All of this does not detract from the fact that the good doctor, were he still breathing, would probably write yet another book solely about this movie. But I digress.

Monkeybone opens into the blissful life of cartoonist Stu Miley (Brendan Fraser), whose wisecracking, decidedly risqué comic strip features a mischievous monkey who is typically doing something disgusting. The strip is a huge hit, of course, and is about to be turned into a national TV show. Stu is finally ready to propose to Julie (the beautiful Bridget Fonda) but is the victim of a freak accident before he can pop the question.

Lying in a coma, Stu’s spirit ends up in purgatorial Downtown, a nightmarish, carnival landscape populated by mythical gods and creatures that revel in the nightmares of the living. As the nefarious Monkeybone prepares to move from Stu’s psyche into reality using the poor guy’s body to make the trip, Stu realizes that he must outwit none other than Death herself (Whoopi Goldberg in some inspired casting).

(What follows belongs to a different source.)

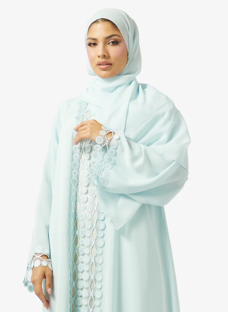 Elevate your modest wardrobe with our elegant Lace Detailed Open Front V Neck Abaya, designed for timeless sophistication and effortless style. Featuring delicate lace detailing along the sleeves and front edges, this abaya adds a graceful feminine touch to your everyday and occasion wear.

The team at Giant Killer Robots was initially approached in early 2000 about contributing a short sequence of shots to the picture, but soon found themselves being awarded an increasing numbers of shots as the movie unfolded. Lead by founders Peter Oberdorfer, Michael Schmitt and John Vegher, each of whom assumed the visual effects lead for different parts of Monkeybone, the project was fully up and running by April 2000.

“We essentially spent the summer working on a very elaborate nightmare sequence involving 18 shots,” says Oberdorfer, the Visual Effects Supervisor who was in charge of texture and lighting on the nightmare sequence, and of animation and compositing of some wild rollercoaster shots. “It also involved a speeding rollercoaster, a ‘brain-eye,’ and a very creepy operating room. After that was complete, we had a brief break from Monkeybone, but were soon called back to do more. I guess we must have done something right.”

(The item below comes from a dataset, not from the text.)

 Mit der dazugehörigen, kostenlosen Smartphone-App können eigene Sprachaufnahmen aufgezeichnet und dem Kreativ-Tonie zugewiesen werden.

“We were provided with creative guidelines for the nightmare sequence, but within those guidelines we were allowed huge flexibility,” says Schmitt, who was Technical Director for tracking, modeling, rendering and final compositing of the Bull bartender shots, which we’ll talk about soon. “They basically said, ‘This is the painting – bring it to life.’ And that’s just what we did.”

One challenging scene from Downtown involved a curmudgeonly bartender appropriately named Bull. Initially, an actor wore a bull-like animatronic mask in the live-action scene, but Selick didn’t care for the final look. Giant Killer Robots offered a decidedly digital solution.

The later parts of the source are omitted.